TO DO:
Leaving out the pictures, please retype each record exactly.

------ DATA SUPPLIED ------

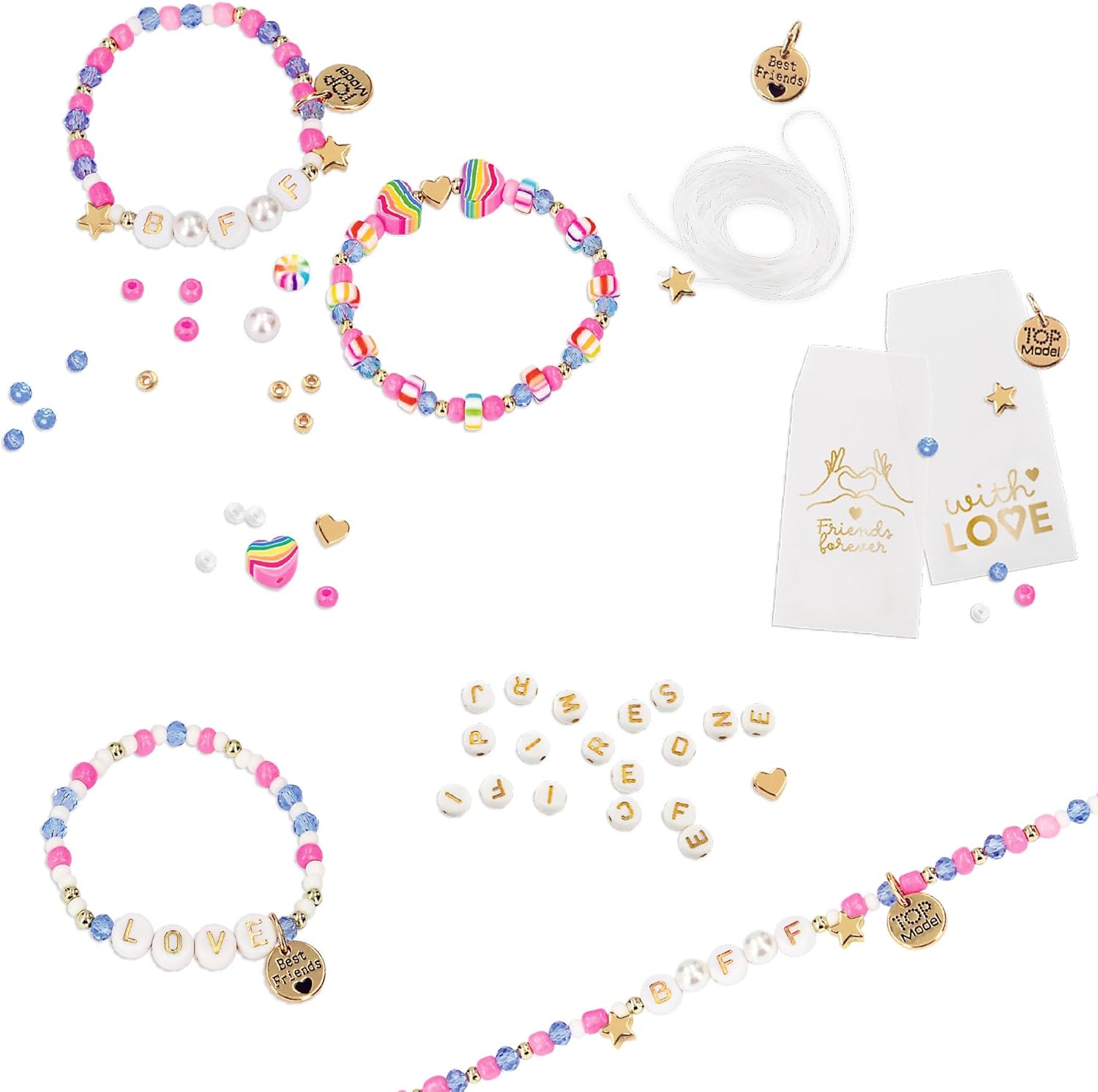 ✅ W zestawie: różnorodne koraliki min. z literkami, w kształcie serca okrągłe kolorowe, elastyczna żyłka do cięcia, 6 mini zawieszek (3 rodzaje po 2 sztuki).
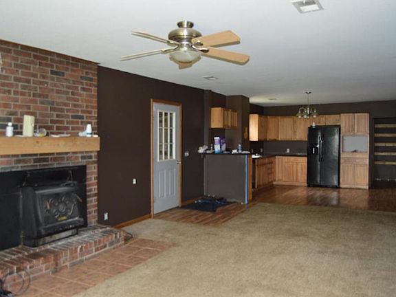 Beautiful treed setting on 5 Acres located on blacktop, 4 bedroom farm home - with updated kitchen cabinets, wood stove in living room stays, kitchen and living room are open, 40x60 shop with electricity, 20x40 newer pole barn.
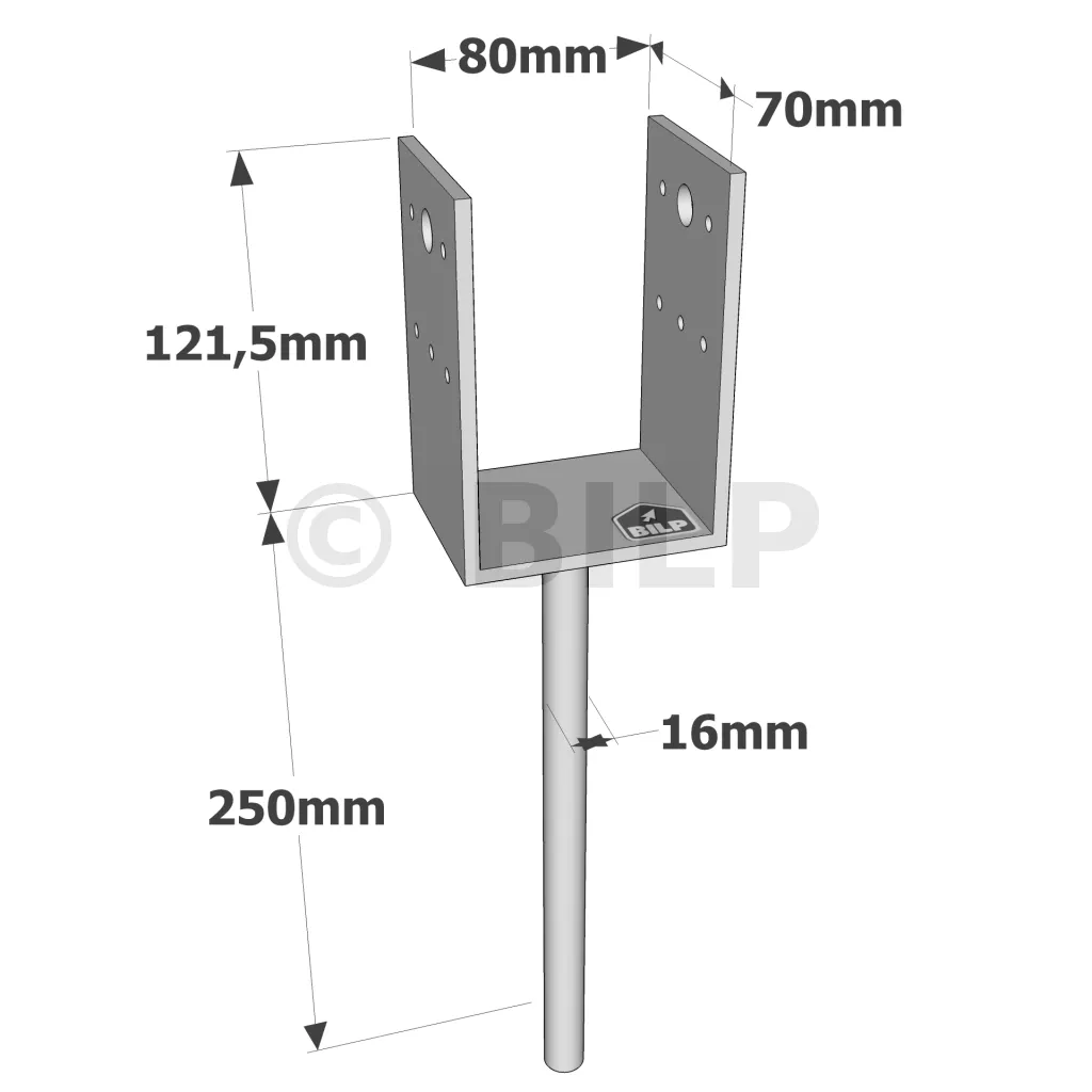 U-Pfostenträger zum Einbetonieren - Réf. PPD80/70G
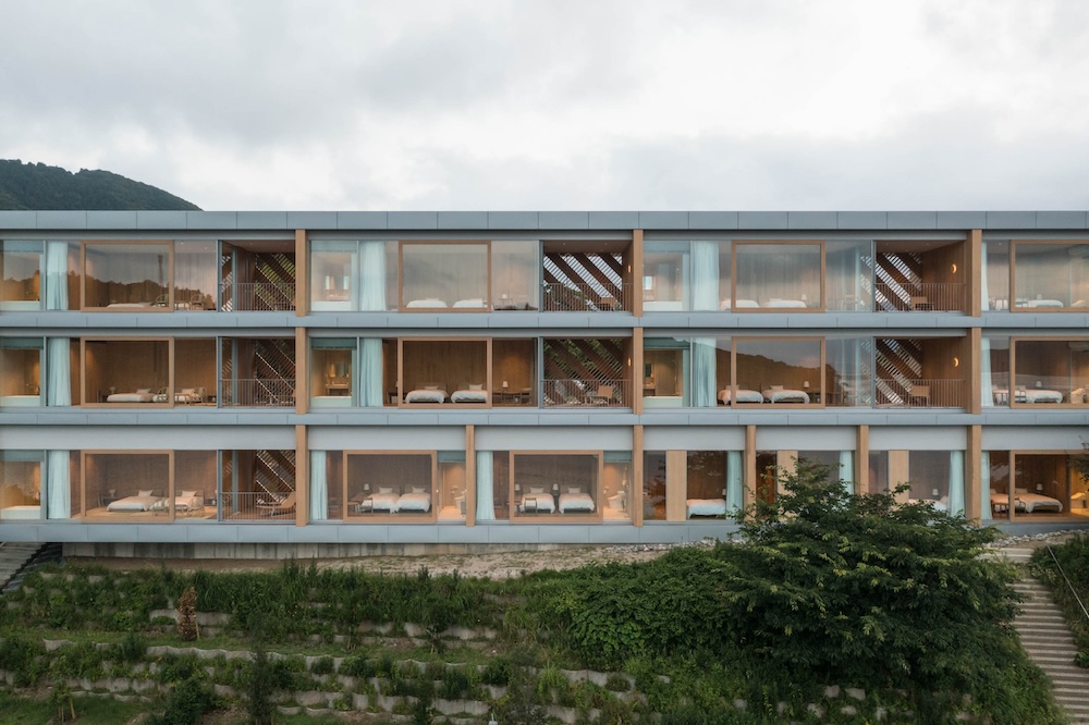 その思想を体現しているのが「薄さ」です。一般的な都市のラグジュアリーホテルは間口が狭く、奥行きが深い。すると土地利用効率は上がりますが、外部との距離はどうしても遠くなります。一方、線には長さはあっても奥行きはないですよね。そこで〈Entô〉は建物の奥行きをできるだけ浅くして、間口をたっぷりと広く取りました。この直線的な平面計画により、宿泊者が感じる自然の割合を最大化しています。
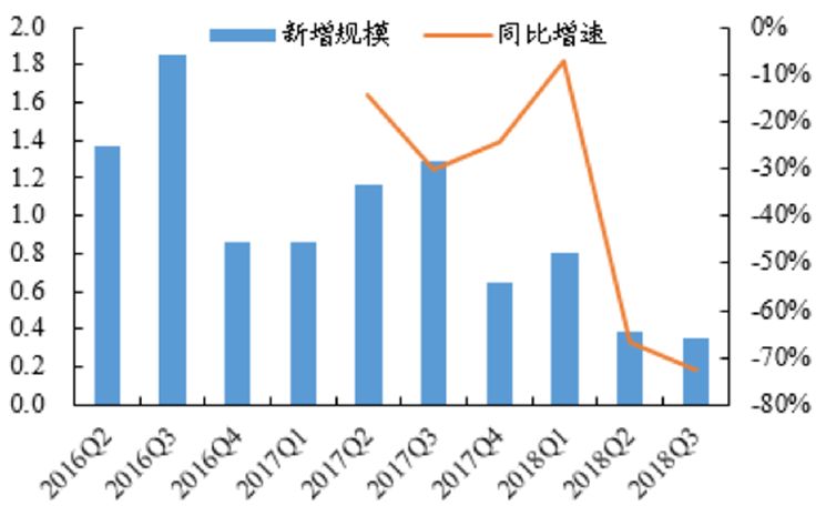 2017Q4后單季新增入庫(kù)規(guī)模持續(xù)降低(萬(wàn)億)
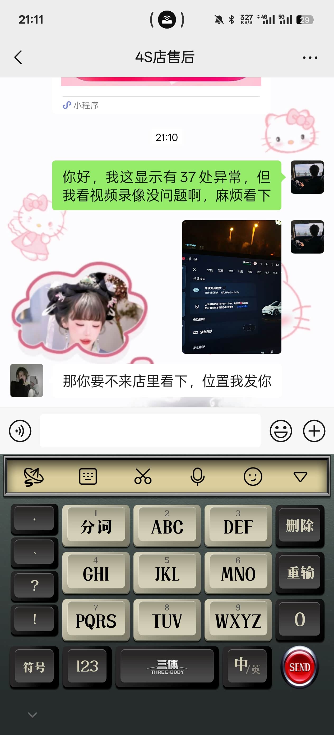 事情是这样的:晚上9点多,我刚停好车,手机突然“叮叮叮”狂响。打开一看,app小程序发来一串提醒,说我的车检测到37处异常!可我当时明明锁车走人了,周围连只野猫都没有啊!
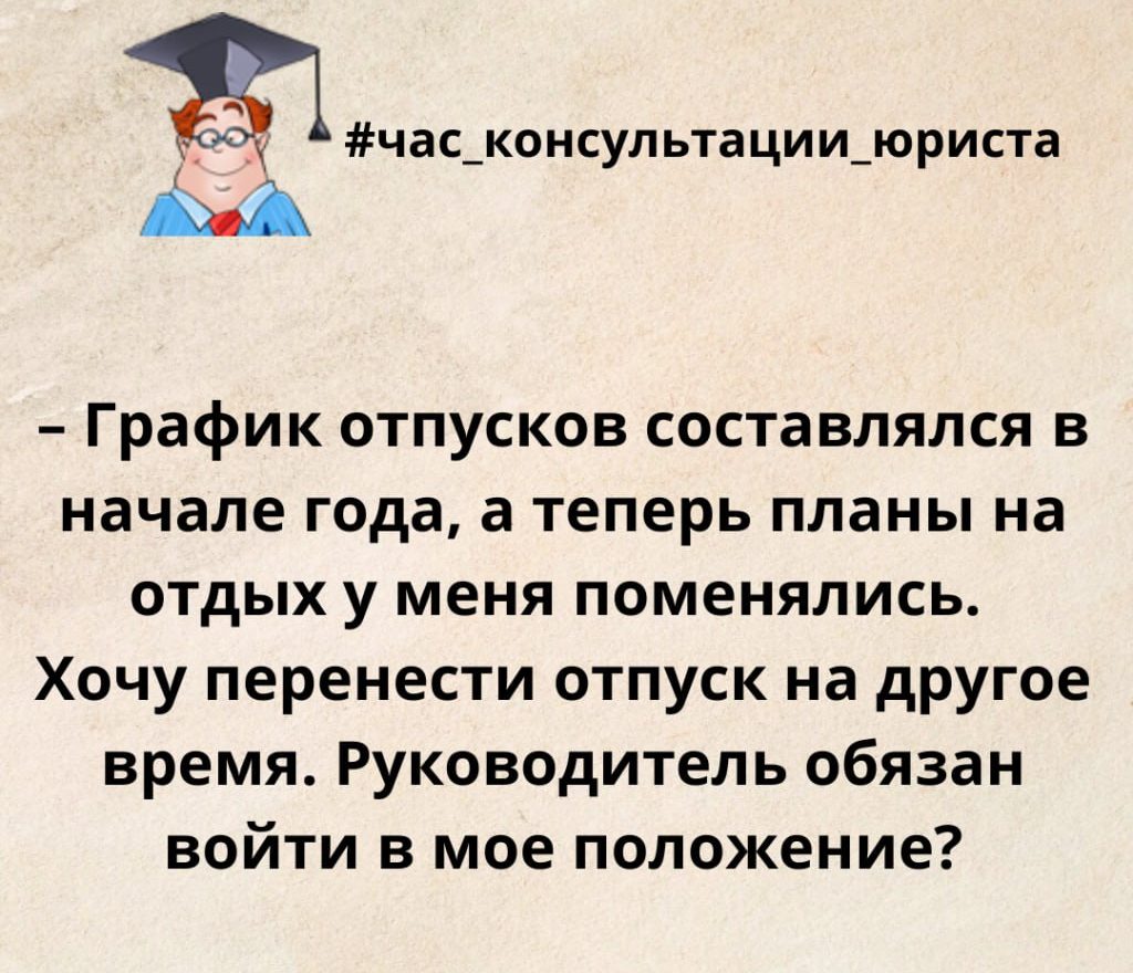 Отвечает профсоюзный юрист Марина Змитрович: – Не обязан. Наниматель вправе отказать работнику в переносе отпуска и даже не выплачивать денежную компенсацию за неиспользованный отпуск, если он предоставляется с соблюдением порядка, установленного трудовым законодательством. Однако при увольнении работнику, который не использовал трудовой отпуск или использовал его не полностью, денежную компенсацию необходимо будет все-таки выплатить (ст.173 ТК).
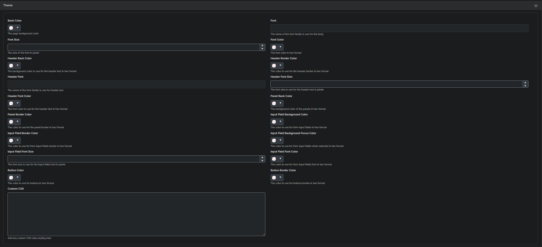 - Customize panel and input field colors
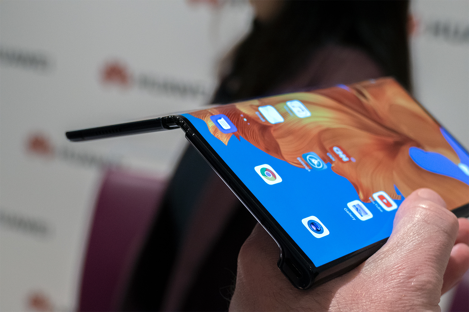 Lo más impresionante fue la forma en que cambia sin problemas entre pantallas, a pesar de que técnicamente solo tiene una sola pantalla. La reproducción de videos en la gran pantalla desplegada cambió rápidamente a la pantalla principal cuando Yu cerró el teléfono, y luego a la pantalla trasera cuando giró el Mate X. Pudimos utilizar controles por gestos, que funcionaron con suavidad, la pantalla se sintió normal y no hubo experiencias de navegación negativas . Sin embargo, esto no está del todo listo para el lanzamiento, y en otras demostraciones hemos visto que el software se confunde, pero nuestras primeras impresiones son muy positivas.
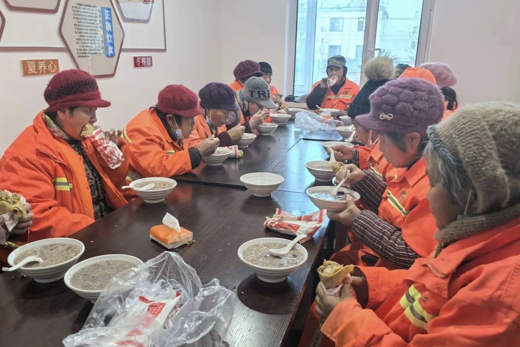 城东社区还贴心地准备了热气腾腾的腊八粥和美味可口的煎饼果子。刚结束清晨清扫工作的环卫工人们手捧着用料满满的早餐,脸上露出了满足的笑容。“这粥熬得真香,喝完浑身都热乎了,干活的疲惫都没了。”一位环卫工人边吃边感慨。
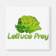 Text reads "Lettuce Prey" in a green shiny font with open lettuce leaves above it. Perfect for vegans/vegetarians, salad lovers, and anyone else who enjoys a good pun.
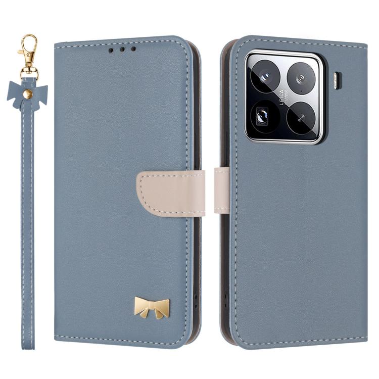 Funda de cuero con lazo metálico y correa para la mano para Xiaomi 15 Pro (azul claro)

------

OUTPUT:
 ✅ W zestawie: różnorodne koraliki min. z literkami, w kształcie serca okrągłe kolorowe, elastyczna żyłka do cięcia, 6 mini zawieszek (3 rodzaje po 2 sztuki).
 Beautiful treed setting on 5 Acres located on blacktop, 4 bedroom farm home - with updated kitchen cabinets, wood stove in living room stays, kitchen and living room are open, 40x60 shop with electricity, 20x40 newer pole barn.
 U-Pfostenträger zum Einbetonieren - Réf. PPD80/70G
 その思想を体現しているのが「薄さ」です。一般的な都市のラグジュアリーホテルは間口が狭く、奥行きが深い。すると土地利用効率は上がりますが、外部との距離はどうしても遠くなります。一方、線には長さはあっても奥行きはないですよね。そこで〈Entô〉は建物の奥行きをできるだけ浅くして、間口をたっぷりと広く取りました。この直線的な平面計画により、宿泊者が感じる自然の割合を最大化しています。
 2017Q4后單季新增入庫(kù)規(guī)模持續(xù)降低(萬(wàn)億)
 事情是这样的:晚上9点多,我刚停好车,手机突然“叮叮叮”狂响。打开一看,app小程序发来一串提醒,说我的车检测到37处异常!可我当时明明锁车走人了,周围连只野猫都没有啊!
 Отвечает профсоюзный юрист Марина Змитрович: – Не обязан. Наниматель вправе отказать работнику в переносе отпуска и даже не выплачивать денежную компенсацию за неиспользованный отпуск, если он предоставляется с соблюдением порядка, установленного трудовым законодательством. Однако при увольнении работнику, который не использовал трудовой отпуск или использовал его не полностью, денежную компенсацию необходимо будет все-таки выплатить (ст.173 ТК).
 - Customize panel and input field colors
 Lo más impresionante fue la forma en que cambia sin problemas entre pantallas, a pesar de que técnicamente solo tiene una sola pantalla. La reproducción de videos en la gran pantalla desplegada cambió rápidamente a la pantalla principal cuando Yu cerró el teléfono, y luego a la pantalla trasera cuando giró el Mate X. Pudimos utilizar controles por gestos, que funcionaron con suavidad, la pantalla se sintió normal y no hubo experiencias de navegación negativas . Sin embargo, esto no está del todo listo para el lanzamiento, y en otras demostraciones hemos visto que el software se confunde, pero nuestras primeras impresiones son muy positivas.
 城东社区还贴心地准备了热气腾腾的腊八粥和美味可口的煎饼果子。刚结束清晨清扫工作的环卫工人们手捧着用料满满的早餐,脸上露出了满足的笑容。“这粥熬得真香,喝完浑身都热乎了,干活的疲惫都没了。”一位环卫工人边吃边感慨。
 Text reads "Lettuce Prey" in a green shiny font with open lettuce leaves above it. Perfect for vegans/vegetarians, salad lovers, and anyone else who enjoys a good pun.
 Funda de cuero con lazo metálico y correa para la mano para Xiaomi 15 Pro (azul claro)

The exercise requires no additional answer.